Powder: refers to a dry powdery preparation made from raw materials or appropriate excipients by crushing and evenly mixing them, and can be used internally or externally.

Powder characteristics

advantage

The powder has small particle size, large specific surface area, easy dispersion, fast drug dissolution and absorption, and quick onset of effect.

The external powder covers a large area and can simultaneously play a protective and astringent role.

The dosage is easy to control and convenient for infants and young children to take

Simple preparation method, easy to store, transport and carry

shortcoming

Drugs that are highly irritating, easily hygroscopic, and unstable when exposed to light and heat are generally not suitable to be made into powders

Classification

Classified by use

Oral powder-Chuanxiong Tea Powder, Wubei Powder

Topical powder-Bingboran Powder Wubai Powder

Classification by composition

Single powder - Nux vomica powder, Montmorillonite powder

Compound powder-Angong Niuhuang Powder and Sishi Powder

Classified by dose

Divided doses (multiple oral administration)-Xiaoer Jingfeng Powder

Regardless of dosage (mostly for external use)-Wuling Powder

Quality requirements

All raw materials for powder preparation should be crushed. Unless otherwise specified, powders for oral use shall be fine powder, and powders for pediatric use and topical use shall be the finest powder.

The powder should be dry and loose, evenly mixed and consistent in color. When preparing powders containing toxic drugs, expensive drugs or small doses of drugs, the grinding method should be used to mix and sift

Powders can be packaged in single doses, and multi-dose packages should be accompanied by a device for dividing doses. Oral powders containing toxic drugs should be packaged in single doses

The powder may or may not contain excipients. Flavoring agents, aromatics, coloring agents, etc. can also be added to oral powders when necessary.

Unless otherwise specified, powders should be stored sealed. Powders containing volatile raw materials or moisture-absorbing raw materials should be stored sealed

preparation

Process flow

Raw and auxiliary materials → crushing → sieving → mixing → dosing → quality inspection → packaging → finished product

smash

significance

Reduce particle size, increase drug surface area, promote drug dissolution and absorption, and improve drug bioavailability

Convenient to prepare a variety of dosage forms, such as powders, granules, capsules, tablets, pills, etc.

Helps increase the leaching speed of active ingredients from medicinal materials

Makes it easy to mix the ingredients evenly and take them

Mechanism - The crushing process is achieved by using external mechanical force to destroy the cohesion between material molecules.

method

Dry crushing

Wet grinding

Liquid-added grinding method - high degree of grinding, avoids flying dust, and reduces the harm of toxic or irritating drugs to the human body. Reduce the loss of valuable drugs

Water flying method - suitable for crushing mineral medicinal shells, such as cinnabar

crush alone

Oxidizing and reducing drugs - Oxidizing drugs such as potassium permanganate and iodine should not be mixed with reducing substances such as sulfur, starch, glycerin, etc., as they are prone to explosion.

Precious fine materials - such as antelope horn, musk, bezoar

Toxic drugs and irritating drugs - such as realgar and nux vomica

Mix and crush - drugs similar in properties and hardness

Low-temperature crushing-contains volatile components and antibiotics, etc.
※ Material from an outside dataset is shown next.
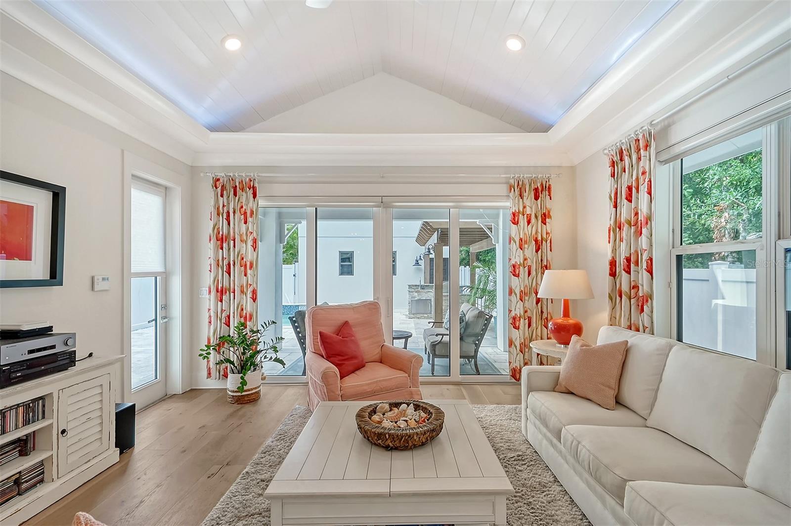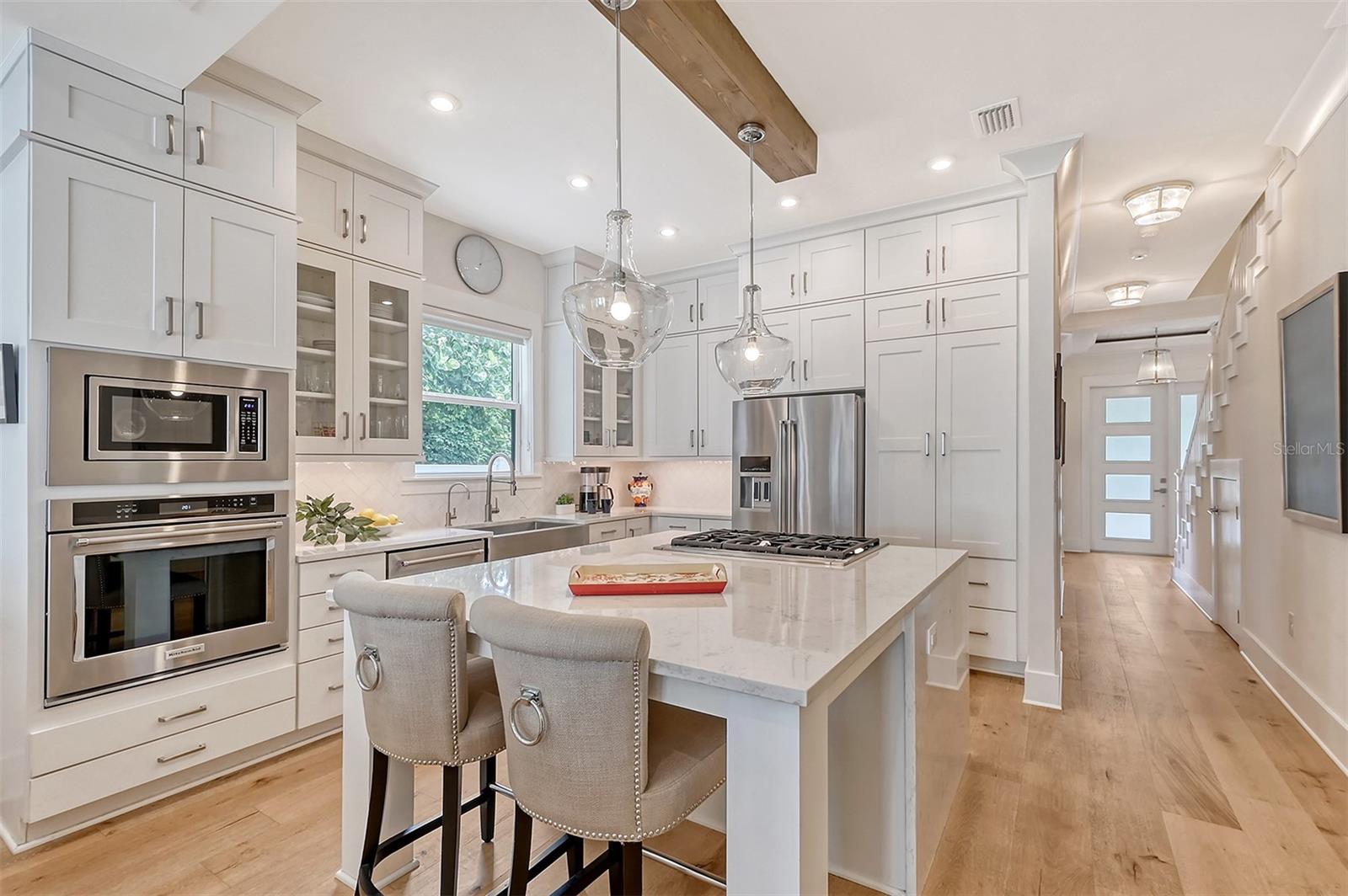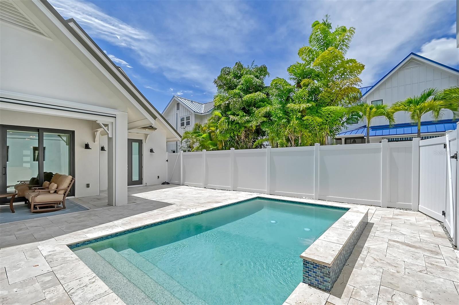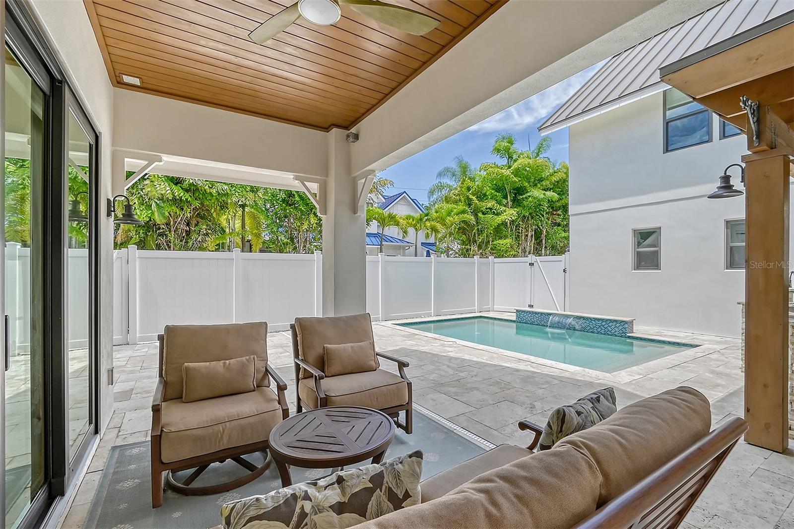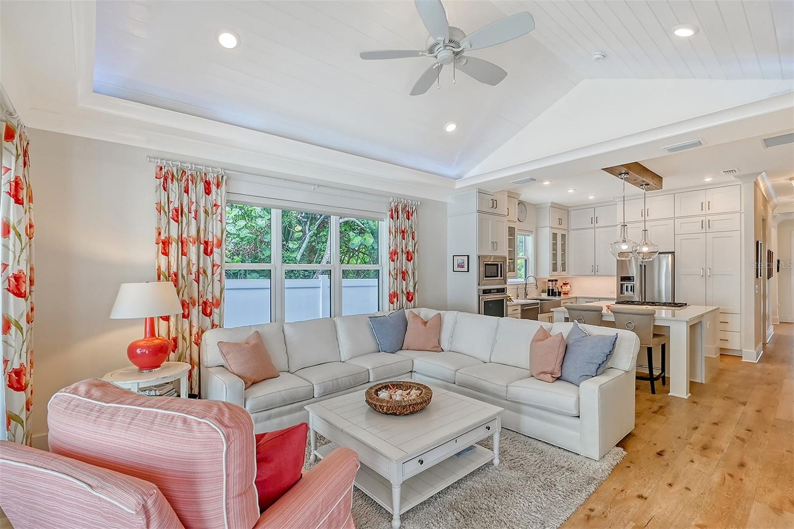 Welcome to Downtown Sarasota’s Historic Laurel Park. A hidden gem within the bustling city, offering a perfect blend of traditional design and coastal charm. This exceptional residence, built in 2018 presents an opportunity for urban living in a serene walkable neighborhood. Upon entering, one is greeted by wood flooring, plank ceilings, and enhanced baseboards and crown molding. Encompassing a flexible floorplan, the main house is complemented by a guest house above the two-car garage. At the heart of the home, the chef’s kitchen is adorned with top-of-the-line appliances including a 6-burner Thermador Professional gas range, Mid Continent Cabinetry and quartz waterfall countertops. The kitchen seamlessly flows into the great room featuring a wood plank vaulted ceiling and sliding glass doors leading out to the covered lanai, offering a perfect blend of indoor/outdoor living. The first-floor primary suite is a haven boasting a tray ceiling with wood plank, French doors to the lanai, two walk-in custom California closets, and a spa-inspired bathroom with a large dual vanity, walk-in shower and freestanding soaking tub. Upstairs, a central loft serves as the perfect bonus room or media room, while two additional large bedrooms and two full bathrooms provide ample space. The studio apartment above the garage serves as the fourth bedroom, complete with a full bathroom and a private entry, making it the ideal space for guests, an art studio, or home office. The outdoor oasis is a refreshing retreat featuring a natural tone travertine deck that leads to a heated pool with waterfall feature. An outdoor kitchen, nestled under a wood pergola, is fully equipped with a built-in grill, beverage refrigerator, and sink. The covered lanai, equipped with electronic retractable screens, seamlessly integrates indoor and outdoor living. Fully fenced outdoor entertaining area, along with an electric gate on the driveway, ensures privacy and security. Additional: high impact windows and doors, window treatments throughout, smart home devices, reverse osmosis water filtration system, wired ethernet throughout, new pool pump (May 2023), new pool heater (March 2022), and new mini-split a/c unit in guest house above garage (Dec 2023). Historic Laurel Park is a walkable neighborhood, offering easy access to grocery stores, Bayfront Park, Downtown Farmers Market, shopping, dining, and cultural entertainment. This downtown oasis presents an unparalleled opportunity to embrace a vibrant urban lifestyle within a serene and picturesque community.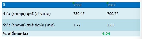 สำหรับกำไรสุทธิส่วนที่เป็นของบริษัทใหญ่ (Net profit) ในไตรมาส 4/2568 อยู่ที่ 197 ล้านบาท เพิ่มขึ้นร้อยละ 1 เมื่อเทียบกับไตรมาส 3/2568 (QoQ) ด้านภาพรวมกำไรสุทธิส่วนที่เป็นของบริษัทใหญ่ประจำปี 2568 ทำได้ 730 ล้านบาท ปรับตัวเพิ่มขึ้นร้อยละ 4 เมื่อเทียบกับช่วงเดียวกันของปีก่อน (YoY) ซึ่งเป็นผลมาจากความสามารถในการทำกำไร การบริหารจัดการต้นทุนการผลิต รวมถึงการได้รับสิทธิประโยชน์ทางภาษี (BOI Privilege)

Ultra-fine crushing - valuable medicinal materials, such as Cordyceps sinensis, ginseng, Panax notoginseng, Gastrodia elata

equipment

Mortar

It is suitable for crushing small doses of drugs. To crush toxic drugs or valuable drugs, a glass mortar should be used.

Ball mill:

The crushing equipment has both impact force and grinding force. It is suitable for crushing toxic drugs, valuable drugs and irritating drugs. It can also crush easily oxidized drugs and explosive drugs in a sealed manner under the condition of passing inert gas. It has the disadvantages of low efficiency and long crushing time. Long, can be used for dry crushing and wet crushing

impact crusher

"Universal Crusher"

flow energy mill

"Jet flow mill" ultra-fine crushing, heat-sensitive materials and low-melting point materials are crushed (using cooling effect), aseptic crushing, and the crushing cost is expensive

Operational points

Select the appropriate crushing equipment and crushing method according to the nature of the material, the degree of crushing of the material, the amount of crushing, etc.

During the process of drug crushing, fine powder should be screened out in time to avoid excessive crushing of the drug to reduce power consumption and drug loss.

The medicinal parts of Chinese herbal medicines must be completely crushed before use

When crushing toxic drugs or highly irritating drugs, attention should be paid to labor protection to avoid poisoning. At the same time, precautions should be taken to prevent cross-contamination of drugs.

Sieve

Screening - the operation of separating materials of different strengths by using the size of the sieve mesh.

Purpose - Classify the crushed materials according to particle size to obtain a more uniform powder to meet the needs of medical treatment and preparation of preparations

Grading of drug screening

Classification by production method

punch sieve

woven screen

Oscillating screen

Sort by screen number

method

Expressed in terms of sieve hole inner diameter (μm), a total of nine sieve sizes are specified.

The number of sieve holes contained in 1 inch (2.54cm) length, expressed as "mesh"

Grading

No. 1 sieve 2000μm±70μm 10 mesh

No. 2 sieve 850μm±29μm 24 mesh

No. 3 sieve 355μm±13μm 50 mesh

No. 4 sieve 250μm±9.9μm 65 mesh

No. 5 sieve 180μm±7.6μm 80 mesh

No. 6 sieve 150μm±6.6μm 100 mesh

No. 7 sieve 125μm±5.8μm 120 mesh

No. 8 sieve 90μm±4.6μm 150 mesh

No. 9 sieve 75μm±4.1μm 200 mesh

Grading of powder

The coarsest powder refers to the powder that can all pass through the No. 1 sieve, but is mixed with no more than 20% of the powder that can pass through the No. 3 sieve.

Coarse powder refers to powder that can pass through the No. 2 sieve, but is mixed with no more than 40% of the powder that can pass through the No. 4 sieve.

Medium powder refers to the powder that can pass through the No. 4 sieve, but is mixed with no more than 60% of the powder that can pass through the No. 5 sieve.

Fine powder refers to powder that can pass through No. 5 sieve and contains no less than 95% that can pass through No. 6 sieve (can be taken orally)

The finest powder refers to powder that can pass through No. 6 sieve, but contains no less than 95% that can pass through No. 7 sieve (pediatrics, topical use)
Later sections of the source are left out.